JAKARTA, sp-globalindo.co.id – Presiden ke-7 Joko Widodo menandatangani Peraturan Umum (PP) Nomor 44 Tahun 2024 tentang Kenaikan Gaji dan Tunjangan Hakim.
Penandatanganan tersebut dilakukan tepat dua hari sebelum masa pensiun Jokowi, sehingga memicu reaksi negatif dari para hakim yang menilai ketentuan tersebut tidak mampu menyelesaikan masalah kesejahteraannya.
Juru Bicara Persatuan Hakim Indonesia (SHI) Fuzan Arasid mengatakan, meski PP Nomor 44 Tahun 2024 mengatur tentang kenaikan tunjangan jabatan hakim, namun persoalan pokok mengenai kesejahteraan hakim belum terselesaikan.
“PP Nomor 44 Tahun 2024 merupakan langkah awal yang patut diapresiasi, apalagi dalam konteks kenaikan tunjangan kerja sebesar 40 persen,” kata Fouzan secara virtual, Selasa (22/10/22). .” 2024).
Baca juga: Ikahi menilai PP 44/2024 tidak memenuhi seluruh rekomendasi hakim.
Alasan pertama, PP Nomor 44 Tahun 2024 hanya mengatur kenaikan tunjangan jabatan, sedangkan sembilan komponen hak keuangan lainnya tidak diatur.
Komponen yang tidak diatur antara lain upah pokok, fasilitas perumahan, transportasi, asuransi kesehatan, jaminan keamanan, serta pendapatan pensiun dan tunjangan lainnya.
Kedua, masih adanya disparitas kesejahteraan, khususnya bagi hakim tingkat satu pada pengadilan negeri/kota kelas dua.
Ia berkata: Hakim pada tingkat ini menghadapi tantangan yang lebih berat dan kebijakan yang ada saat ini belum efektif dalam mengatasi kesenjangan ini.
Ketiga, Fawzan juga menyoroti Putusan MA Nomor 23P/HUM/2018 yang mengatur pemisahan norma gaji pokok dan pensiun bagi hakim Aparatur Sipil Negara (ASN).
Fouzan mengatakan: “Pemerintah hanya fokus pada pemisahan undang-undang, namun mengingat tanggung jawab hakim, tidak memperhatikan jumlah yang kecil.”
Baca juga: Resmi Naik, Ini Gaji Hakim di Indonesia
Solidaritas hakim Indonesia pun menyayangkan sikap pemerintah yang dinilai tertutup dalam rancangan PP 44/2024.
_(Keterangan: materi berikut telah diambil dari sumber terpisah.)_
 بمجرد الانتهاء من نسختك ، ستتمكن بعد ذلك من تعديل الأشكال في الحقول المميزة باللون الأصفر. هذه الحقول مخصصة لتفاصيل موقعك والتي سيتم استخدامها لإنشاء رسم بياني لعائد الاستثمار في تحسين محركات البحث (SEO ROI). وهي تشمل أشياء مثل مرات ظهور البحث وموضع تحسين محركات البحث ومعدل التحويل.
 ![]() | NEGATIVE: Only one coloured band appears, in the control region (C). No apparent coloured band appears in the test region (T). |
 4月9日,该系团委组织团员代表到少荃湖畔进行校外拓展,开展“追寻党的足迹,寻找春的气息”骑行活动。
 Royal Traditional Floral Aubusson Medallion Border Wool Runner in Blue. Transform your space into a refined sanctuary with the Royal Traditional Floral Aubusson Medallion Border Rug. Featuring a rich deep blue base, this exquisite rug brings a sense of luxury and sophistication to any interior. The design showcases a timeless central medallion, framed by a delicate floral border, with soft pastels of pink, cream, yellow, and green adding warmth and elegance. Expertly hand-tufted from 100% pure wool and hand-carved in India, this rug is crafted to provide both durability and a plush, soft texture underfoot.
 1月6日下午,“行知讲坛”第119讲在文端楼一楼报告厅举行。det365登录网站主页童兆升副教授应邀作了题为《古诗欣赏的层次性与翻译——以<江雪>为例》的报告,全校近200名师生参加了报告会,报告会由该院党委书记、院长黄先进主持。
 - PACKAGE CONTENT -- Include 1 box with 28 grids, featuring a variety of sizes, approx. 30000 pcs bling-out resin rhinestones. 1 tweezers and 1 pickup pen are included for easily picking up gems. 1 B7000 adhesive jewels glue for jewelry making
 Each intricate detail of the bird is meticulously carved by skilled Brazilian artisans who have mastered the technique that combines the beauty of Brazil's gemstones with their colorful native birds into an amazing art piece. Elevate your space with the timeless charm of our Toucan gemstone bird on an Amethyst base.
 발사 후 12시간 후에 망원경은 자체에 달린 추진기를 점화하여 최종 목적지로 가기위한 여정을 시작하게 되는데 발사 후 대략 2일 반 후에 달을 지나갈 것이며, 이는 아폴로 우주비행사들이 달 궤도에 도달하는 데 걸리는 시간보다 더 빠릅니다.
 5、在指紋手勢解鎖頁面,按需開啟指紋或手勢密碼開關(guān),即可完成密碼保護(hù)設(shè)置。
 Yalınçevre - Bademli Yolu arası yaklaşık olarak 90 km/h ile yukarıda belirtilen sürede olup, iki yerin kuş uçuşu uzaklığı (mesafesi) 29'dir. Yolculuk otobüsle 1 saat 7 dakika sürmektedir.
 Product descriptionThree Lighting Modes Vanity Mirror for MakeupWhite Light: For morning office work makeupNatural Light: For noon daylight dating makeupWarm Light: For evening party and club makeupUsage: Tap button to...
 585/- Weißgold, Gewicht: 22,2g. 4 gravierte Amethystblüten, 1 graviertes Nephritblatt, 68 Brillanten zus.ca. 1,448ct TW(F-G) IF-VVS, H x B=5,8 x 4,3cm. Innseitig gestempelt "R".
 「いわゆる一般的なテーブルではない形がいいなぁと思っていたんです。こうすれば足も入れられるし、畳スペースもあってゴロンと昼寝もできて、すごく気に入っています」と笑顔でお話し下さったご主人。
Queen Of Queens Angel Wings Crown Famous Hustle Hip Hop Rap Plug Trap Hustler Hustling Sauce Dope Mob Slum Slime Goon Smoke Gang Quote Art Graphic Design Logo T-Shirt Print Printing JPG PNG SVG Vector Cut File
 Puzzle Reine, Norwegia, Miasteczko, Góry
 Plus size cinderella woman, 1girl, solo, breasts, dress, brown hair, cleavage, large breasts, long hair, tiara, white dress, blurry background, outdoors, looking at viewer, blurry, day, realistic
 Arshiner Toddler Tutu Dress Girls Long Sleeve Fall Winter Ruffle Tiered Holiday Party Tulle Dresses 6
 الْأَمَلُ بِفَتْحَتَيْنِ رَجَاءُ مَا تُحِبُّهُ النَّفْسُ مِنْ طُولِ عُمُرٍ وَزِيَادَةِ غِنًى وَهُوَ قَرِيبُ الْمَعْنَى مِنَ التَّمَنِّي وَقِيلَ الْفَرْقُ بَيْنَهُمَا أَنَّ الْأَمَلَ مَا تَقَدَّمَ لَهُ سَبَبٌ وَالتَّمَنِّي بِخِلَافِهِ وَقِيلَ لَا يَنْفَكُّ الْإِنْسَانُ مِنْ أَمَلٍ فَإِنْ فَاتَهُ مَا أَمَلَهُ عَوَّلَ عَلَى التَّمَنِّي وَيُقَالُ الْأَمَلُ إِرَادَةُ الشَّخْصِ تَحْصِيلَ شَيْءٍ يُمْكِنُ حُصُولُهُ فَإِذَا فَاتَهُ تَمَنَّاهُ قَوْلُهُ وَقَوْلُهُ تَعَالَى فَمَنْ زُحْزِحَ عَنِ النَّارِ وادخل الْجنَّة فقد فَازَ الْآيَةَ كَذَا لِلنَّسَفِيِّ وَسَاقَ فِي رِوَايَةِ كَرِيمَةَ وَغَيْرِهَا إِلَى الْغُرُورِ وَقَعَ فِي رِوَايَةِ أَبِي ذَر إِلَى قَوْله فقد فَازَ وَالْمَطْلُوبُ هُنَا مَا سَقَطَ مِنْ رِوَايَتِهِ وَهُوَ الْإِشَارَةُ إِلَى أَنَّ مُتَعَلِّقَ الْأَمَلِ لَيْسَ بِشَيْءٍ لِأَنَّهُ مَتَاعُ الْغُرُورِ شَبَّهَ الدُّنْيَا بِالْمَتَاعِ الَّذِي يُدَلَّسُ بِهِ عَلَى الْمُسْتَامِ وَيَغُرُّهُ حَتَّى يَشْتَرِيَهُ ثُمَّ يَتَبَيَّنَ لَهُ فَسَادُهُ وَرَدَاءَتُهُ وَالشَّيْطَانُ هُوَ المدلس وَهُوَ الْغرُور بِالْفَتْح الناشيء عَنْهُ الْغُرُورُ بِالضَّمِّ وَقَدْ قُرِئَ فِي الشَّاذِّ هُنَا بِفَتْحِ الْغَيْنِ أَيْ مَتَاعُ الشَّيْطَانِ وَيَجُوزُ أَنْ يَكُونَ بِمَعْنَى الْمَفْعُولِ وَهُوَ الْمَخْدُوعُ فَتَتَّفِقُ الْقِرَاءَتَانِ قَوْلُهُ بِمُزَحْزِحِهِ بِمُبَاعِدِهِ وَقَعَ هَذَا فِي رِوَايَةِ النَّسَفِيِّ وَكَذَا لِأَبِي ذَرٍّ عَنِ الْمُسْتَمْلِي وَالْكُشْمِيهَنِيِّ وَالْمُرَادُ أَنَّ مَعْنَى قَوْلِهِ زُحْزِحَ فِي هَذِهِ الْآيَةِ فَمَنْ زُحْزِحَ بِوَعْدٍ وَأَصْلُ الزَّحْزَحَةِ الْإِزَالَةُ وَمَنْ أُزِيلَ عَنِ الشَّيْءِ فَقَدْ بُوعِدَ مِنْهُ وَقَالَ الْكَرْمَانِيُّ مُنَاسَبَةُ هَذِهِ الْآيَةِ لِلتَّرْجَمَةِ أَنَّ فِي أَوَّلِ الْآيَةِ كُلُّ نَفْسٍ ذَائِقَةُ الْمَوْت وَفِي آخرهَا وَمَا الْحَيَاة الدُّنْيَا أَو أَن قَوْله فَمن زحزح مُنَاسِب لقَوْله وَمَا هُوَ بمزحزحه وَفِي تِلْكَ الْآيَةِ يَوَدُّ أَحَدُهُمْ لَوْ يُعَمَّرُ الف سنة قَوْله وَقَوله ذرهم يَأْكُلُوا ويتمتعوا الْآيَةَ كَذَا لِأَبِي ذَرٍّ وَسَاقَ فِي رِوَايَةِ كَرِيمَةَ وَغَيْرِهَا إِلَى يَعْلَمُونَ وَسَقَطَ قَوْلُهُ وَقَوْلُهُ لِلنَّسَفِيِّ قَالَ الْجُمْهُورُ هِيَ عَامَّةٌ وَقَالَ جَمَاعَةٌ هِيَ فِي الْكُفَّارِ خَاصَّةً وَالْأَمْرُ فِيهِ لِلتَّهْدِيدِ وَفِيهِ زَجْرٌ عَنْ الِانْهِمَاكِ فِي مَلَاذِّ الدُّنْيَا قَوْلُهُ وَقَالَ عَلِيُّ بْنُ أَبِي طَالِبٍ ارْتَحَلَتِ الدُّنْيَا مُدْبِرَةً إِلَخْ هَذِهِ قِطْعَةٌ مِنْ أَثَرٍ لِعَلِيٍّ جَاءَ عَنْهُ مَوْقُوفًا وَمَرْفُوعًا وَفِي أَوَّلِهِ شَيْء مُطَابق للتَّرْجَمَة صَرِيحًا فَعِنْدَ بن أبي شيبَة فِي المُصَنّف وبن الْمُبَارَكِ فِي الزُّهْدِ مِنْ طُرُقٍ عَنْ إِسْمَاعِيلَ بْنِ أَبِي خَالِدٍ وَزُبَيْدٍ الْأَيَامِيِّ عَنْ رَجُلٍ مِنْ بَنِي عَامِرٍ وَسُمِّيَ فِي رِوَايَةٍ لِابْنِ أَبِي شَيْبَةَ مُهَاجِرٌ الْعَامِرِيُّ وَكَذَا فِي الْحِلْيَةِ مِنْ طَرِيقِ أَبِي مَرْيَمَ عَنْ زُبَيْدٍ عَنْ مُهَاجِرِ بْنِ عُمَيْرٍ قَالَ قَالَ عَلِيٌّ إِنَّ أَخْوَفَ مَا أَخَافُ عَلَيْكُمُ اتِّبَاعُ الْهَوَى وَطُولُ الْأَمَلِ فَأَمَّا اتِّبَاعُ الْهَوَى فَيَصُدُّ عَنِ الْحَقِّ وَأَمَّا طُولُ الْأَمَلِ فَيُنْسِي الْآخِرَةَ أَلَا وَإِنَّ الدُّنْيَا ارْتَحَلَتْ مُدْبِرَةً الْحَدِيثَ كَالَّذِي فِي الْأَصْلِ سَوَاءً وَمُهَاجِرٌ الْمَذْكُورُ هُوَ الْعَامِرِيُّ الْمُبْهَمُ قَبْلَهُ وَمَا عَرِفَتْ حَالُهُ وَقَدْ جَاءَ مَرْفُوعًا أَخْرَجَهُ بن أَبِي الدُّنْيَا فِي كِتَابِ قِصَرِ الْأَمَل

Menurut Fawzan, kebijakan tersebut tidak mencakup partisipasi aktif hakim di bidang tersebut sehingga hasilnya tidak mencerminkan kondisi sebenarnya hakim di seluruh Indonesia.
Dia berkata: “Tidak ada penyesuaian dalam tunjangan jabatan hakim dalam 12 tahun terakhir. Hakim yang bertugas di garis depan, terutama di pengadilan kelas dua di daerah terpencil, adalah yang paling terkena dampaknya.”
Oleh karena itu, SHI akan terus memperjuangkan beberapa tuntutan pemerintah, termasuk seluruh hak keuangan dan penyesuaian fasilitas hakim.
Setelah itu, menyerukan peninjauan kembali RUU Status Kehakiman hingga menjadi undang-undang, mendorong penyusunan RUU Penghinaan Pengadilan demi menjaga harkat dan martabat lembaga peradilan dan hakim.